#### TASK ITEM:
Copy the data below exactly, but not the pictures it contains.

#### MATERIAL PROVIDED:
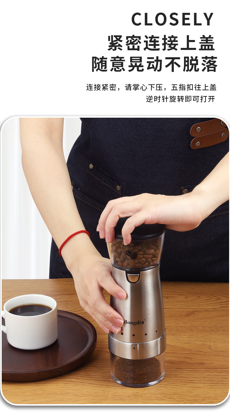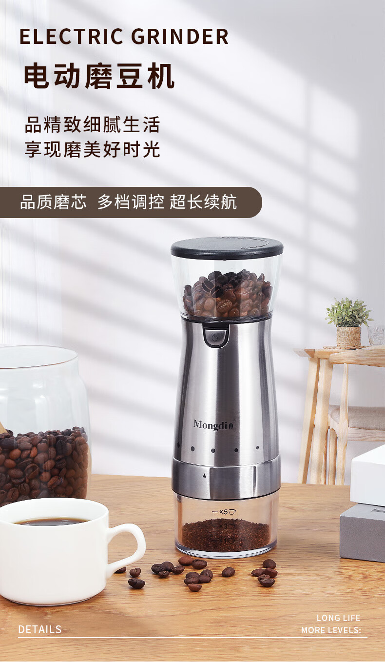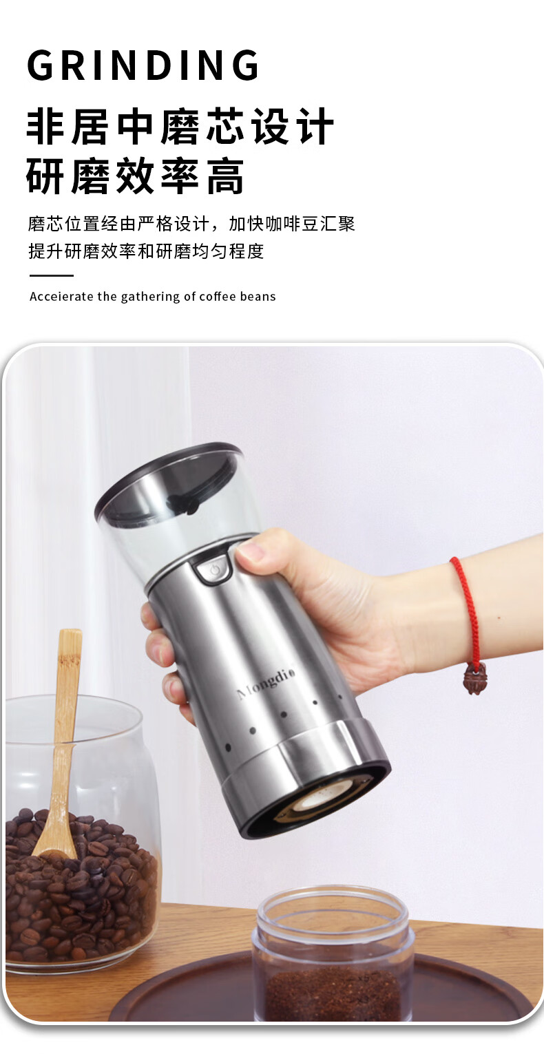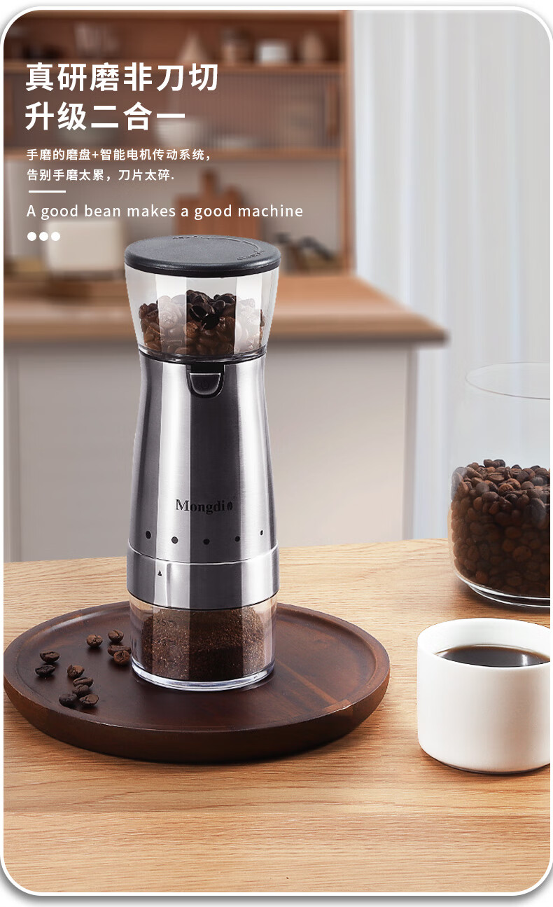 WCZ德国电动磨豆机咖啡豆研磨机咖啡磨豆机家用小型手磨咖啡机意式研 【充电版科技银】 陶瓷磨芯.
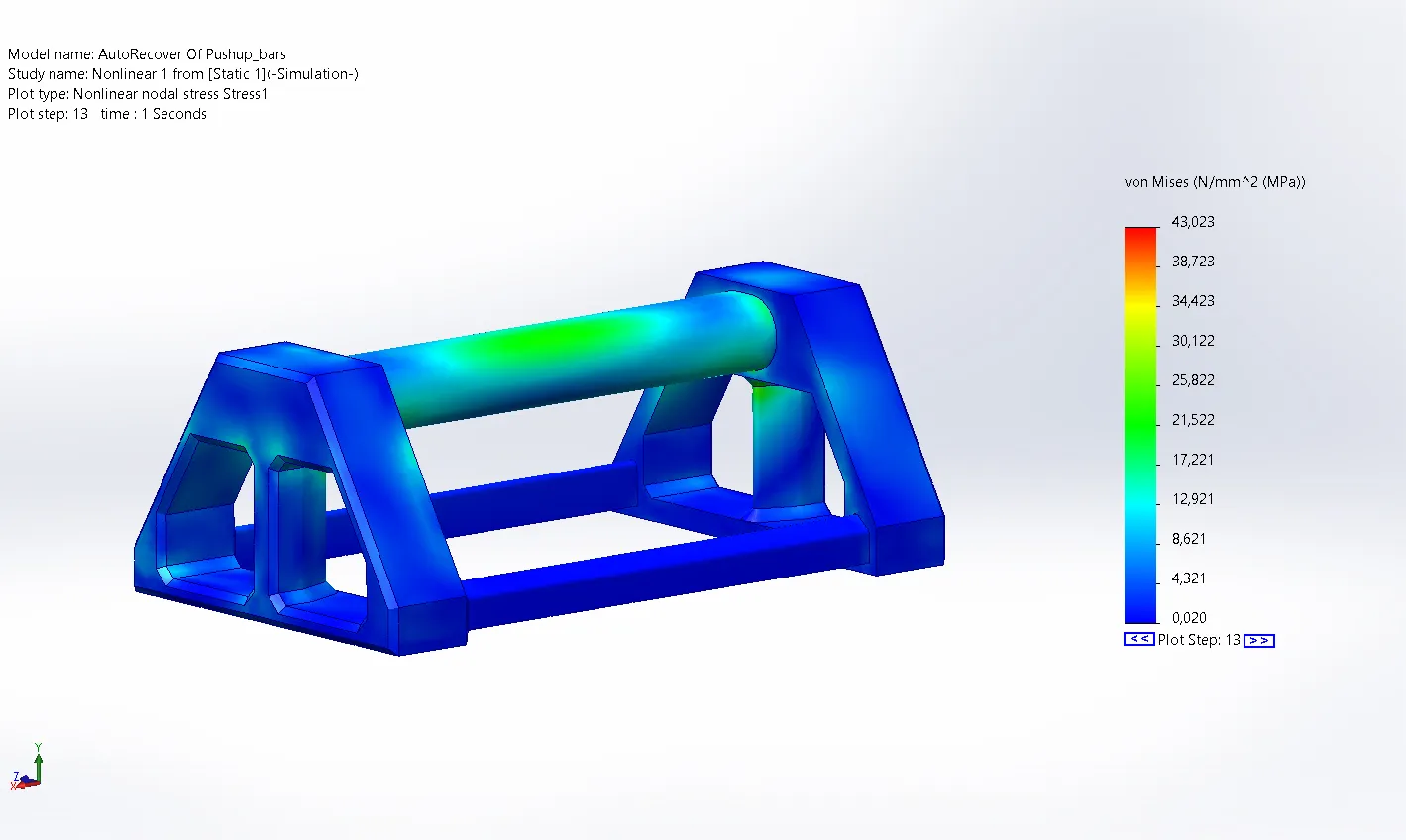 Kiểm tra FEA cho mỗi thanh đẩy 75 kg.
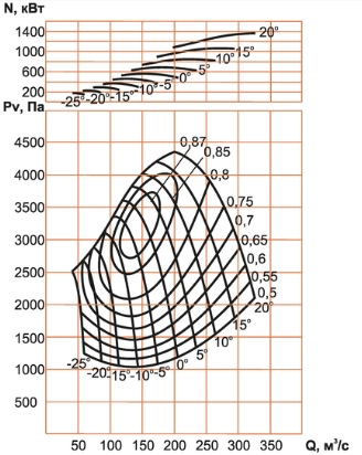 Аэродинамические характеристики вентилятора ВО-26/16ДН-750

#### OUTPUT:
 WCZ德国电动磨豆机咖啡豆研磨机咖啡磨豆机家用小型手磨咖啡机意式研 【充电版科技银】 陶瓷磨芯.
 Kiểm tra FEA cho mỗi thanh đẩy 75 kg.
 Аэродинамические характеристики вентилятора ВО-26/16ДН-750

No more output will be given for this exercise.